Since even pro-spanking advocates agree that other methods of discipline work at least as well (and in fact often advocate their use), it seems completely bizarre to me to opt for hitting as a parental strategy. In fact, assuming that your goal is to have a well-adjusted, non-violent child, it is downright stupid.

So why do most parents spank? Sometimes people say it's because they've lost control of themselves. I do understand this (I certainly have wanted to smack R before), but it's also troubling: very few people hit other annoying adults, tempting as that is (I've also wanted to smack B and even strangers ahead of me in line: I hate waiting), so presumably they are in fact able to control their violent impulses when necessary.

For most, though, I think it's for psychological reasons. Since virtually all American adults were hit as small children, to acknowledge that hitting children is wrong and harmful means condemning their own parents. It also means realizing that they themselves may in fact be warped in some way. No one wants to do this. It feels like a betrayal (of your parents, who were probably basically decent people trying their best), and is humiliating (admitting your flaws).

Instead people will argue, "I was spanked/paddled/caned/beaten, and I turned out fine!", which praises their parents and reaffirms their own worth. (It always makes me feel especially sad when this statement is manifestly false, like when the arguer is obviously psychologically damaged: I feel embarrassed for them.)

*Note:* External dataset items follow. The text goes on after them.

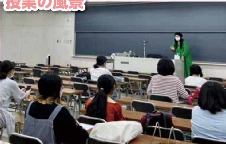
▶ 白百合女子大学キャンパス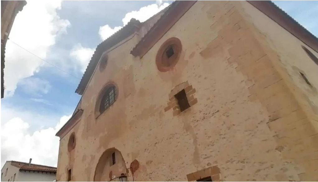
Iglesia de la inmaculada linares de mora zona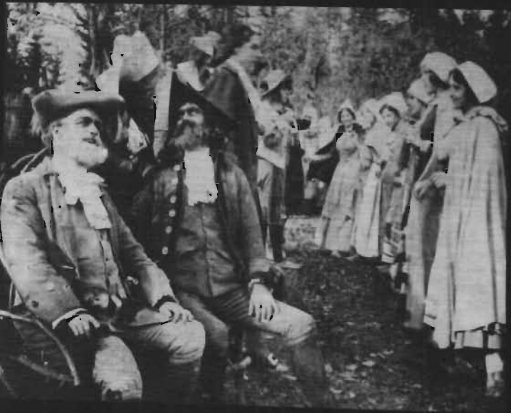
«اوانگلیس»، محصول سال ۱۹۱۳ کانادا به کارگردانی ا. پ. - سالیوان و و. ه. - کاونو که احتمالاً نخستین فیلم سینمایی دراماتیک است که در آمریکای شمالی تهیه شده است. این فیلم درباره اخراج آکادیها از اسکاتلند جدید است که در سال ۱۷۵۵ توسط دولت انگلیس صورت گرفت.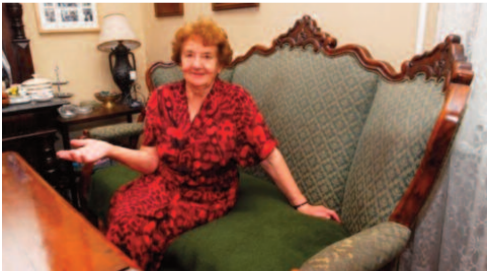
A patinás Jókai-kanapé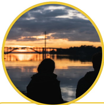
Soirée Sunset près du pont Albert Louppe

I am therefore never going to spank R (or punish her in any other physical way). I don't even slap her hand out of the way when she's trying to touch something dangerous (a firm but gentle grasp, and guidance to something else, works just fine). She is still really small, so who knows how it will ultimately turn out: but so far I haven't felt the lack of spanking at all.

1 comment:

  1. I had no idea this number was so high. How sad for kids to know that their parents are willing to hurt them on purpose. Also how lazy to teach them to do something because you'll hit them otherwise, as opposed to teaching them the real reasons they need to/should do those things.